== Segment start ==

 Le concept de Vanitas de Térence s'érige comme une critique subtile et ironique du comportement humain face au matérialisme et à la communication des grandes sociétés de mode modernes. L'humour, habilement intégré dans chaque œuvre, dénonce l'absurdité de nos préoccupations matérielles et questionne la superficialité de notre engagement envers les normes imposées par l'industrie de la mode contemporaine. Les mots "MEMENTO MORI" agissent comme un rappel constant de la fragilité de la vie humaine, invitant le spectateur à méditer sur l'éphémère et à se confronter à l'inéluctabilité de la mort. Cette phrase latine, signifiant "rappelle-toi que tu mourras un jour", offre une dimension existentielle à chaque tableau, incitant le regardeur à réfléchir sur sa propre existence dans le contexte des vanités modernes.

== Segment end ==
== Segment start ==

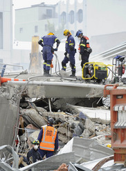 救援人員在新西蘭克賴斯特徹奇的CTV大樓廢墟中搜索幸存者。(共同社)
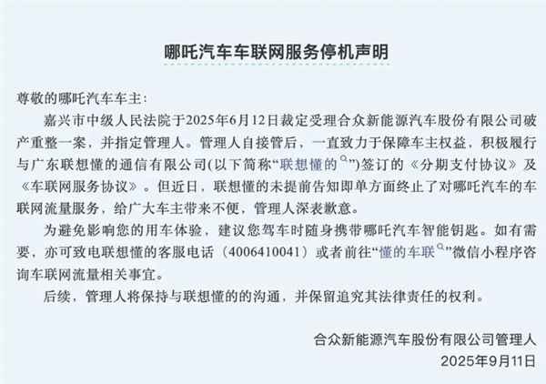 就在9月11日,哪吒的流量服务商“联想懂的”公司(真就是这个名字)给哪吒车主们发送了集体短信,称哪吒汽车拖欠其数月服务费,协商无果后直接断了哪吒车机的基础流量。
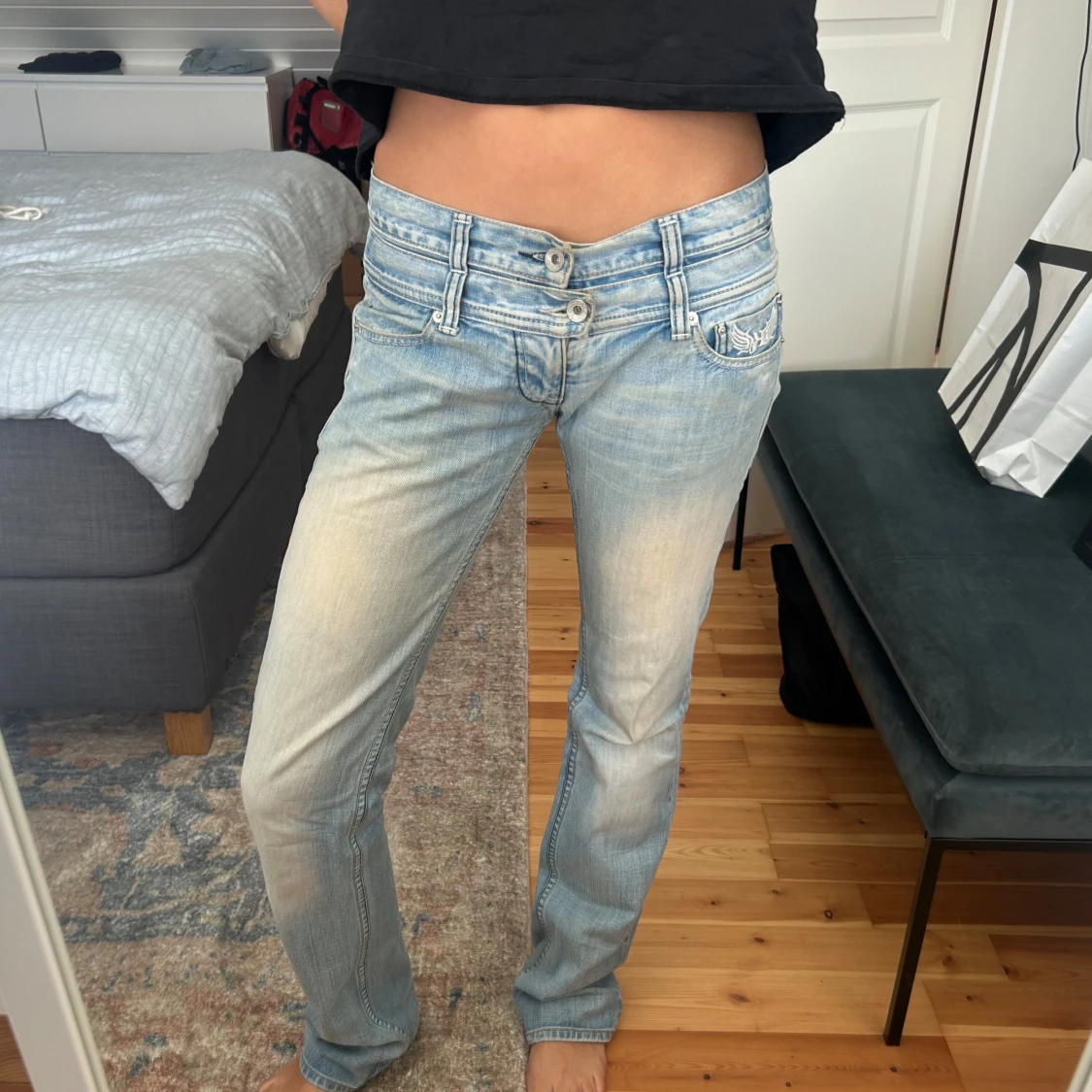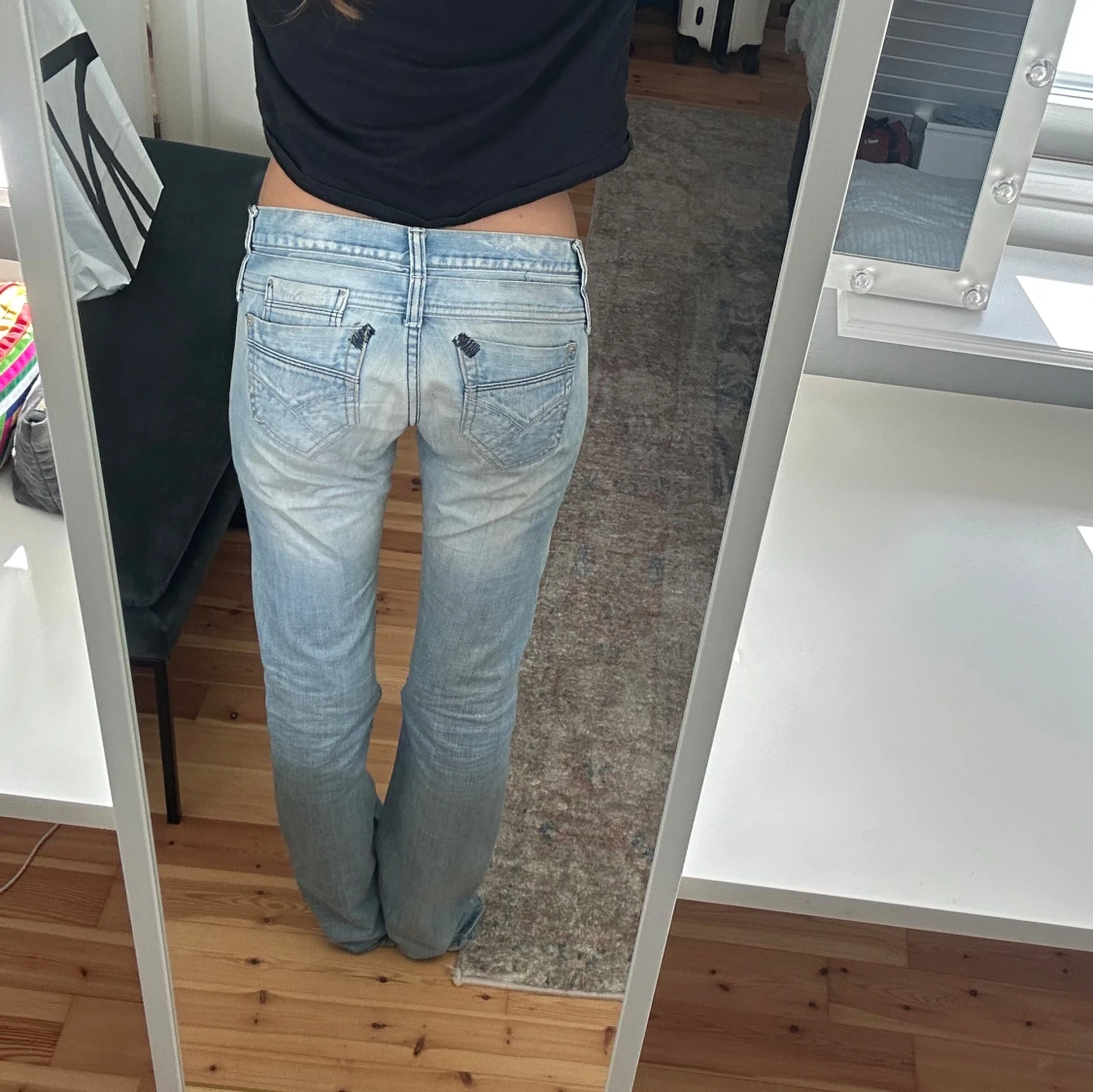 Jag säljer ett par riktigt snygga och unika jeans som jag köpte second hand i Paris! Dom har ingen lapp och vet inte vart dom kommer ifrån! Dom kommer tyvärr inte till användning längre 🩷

== Segment end ==
== Segment start ==

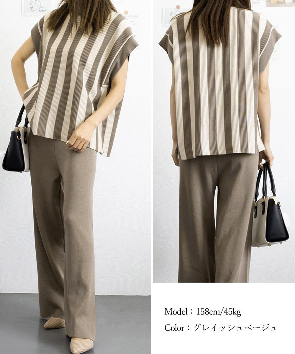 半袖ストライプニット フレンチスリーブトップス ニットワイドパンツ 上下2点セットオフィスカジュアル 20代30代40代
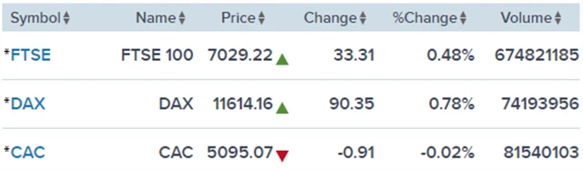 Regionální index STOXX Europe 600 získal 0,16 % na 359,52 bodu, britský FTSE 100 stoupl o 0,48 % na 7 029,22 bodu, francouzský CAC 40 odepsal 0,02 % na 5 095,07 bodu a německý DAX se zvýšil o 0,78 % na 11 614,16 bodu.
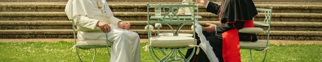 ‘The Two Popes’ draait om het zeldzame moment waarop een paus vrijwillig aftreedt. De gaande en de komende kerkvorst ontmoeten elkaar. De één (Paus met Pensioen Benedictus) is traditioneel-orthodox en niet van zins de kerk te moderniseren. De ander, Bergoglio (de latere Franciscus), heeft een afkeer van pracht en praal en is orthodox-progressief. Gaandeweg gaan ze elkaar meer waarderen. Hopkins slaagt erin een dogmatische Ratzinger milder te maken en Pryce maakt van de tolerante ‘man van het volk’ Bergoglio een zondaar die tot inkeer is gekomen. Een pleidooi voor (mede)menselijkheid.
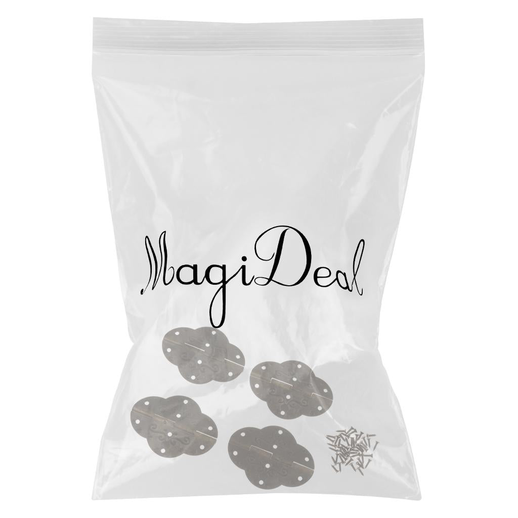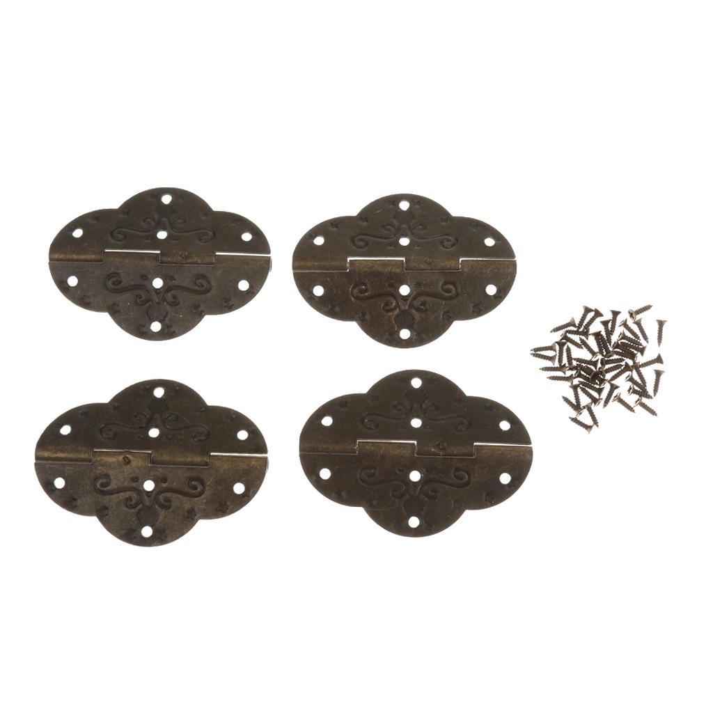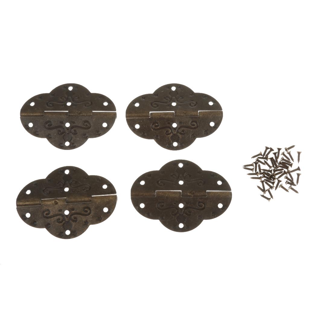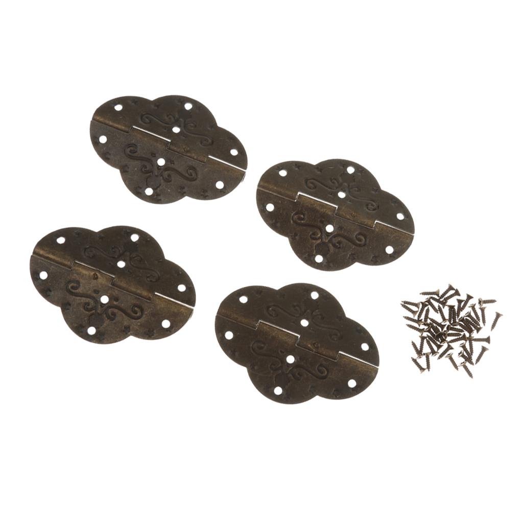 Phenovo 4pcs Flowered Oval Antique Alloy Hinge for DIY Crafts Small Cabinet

== Segment end ==

> _Try it_
Everything from the line with "半袖ストライプニット フレンチスリーブトップス ニットワイドパンツ" through the line with "Phenovo 4pcs Flowered" in the material above should be transcribed exactly, except the pictures.

> _Result for this task_
 半袖ストライプニット フレンチスリーブトップス ニットワイドパンツ 上下2点セットオフィスカジュアル 20代30代40代
 Regionální index STOXX Europe 600 získal 0,16 % na 359,52 bodu, britský FTSE 100 stoupl o 0,48 % na 7 029,22 bodu, francouzský CAC 40 odepsal 0,02 % na 5 095,07 bodu a německý DAX se zvýšil o 0,78 % na 11 614,16 bodu.
 ‘The Two Popes’ draait om het zeldzame moment waarop een paus vrijwillig aftreedt. De gaande en de komende kerkvorst ontmoeten elkaar. De één (Paus met Pensioen Benedictus) is traditioneel-orthodox en niet van zins de kerk te moderniseren. De ander, Bergoglio (de latere Franciscus), heeft een afkeer van pracht en praal en is orthodox-progressief. Gaandeweg gaan ze elkaar meer waarderen. Hopkins slaagt erin een dogmatische Ratzinger milder te maken en Pryce maakt van de tolerante ‘man van het volk’ Bergoglio een zondaar die tot inkeer is gekomen. Een pleidooi voor (mede)menselijkheid.
 Phenovo 4pcs Flowered Oval Antique Alloy Hinge for DIY Crafts Small Cabinet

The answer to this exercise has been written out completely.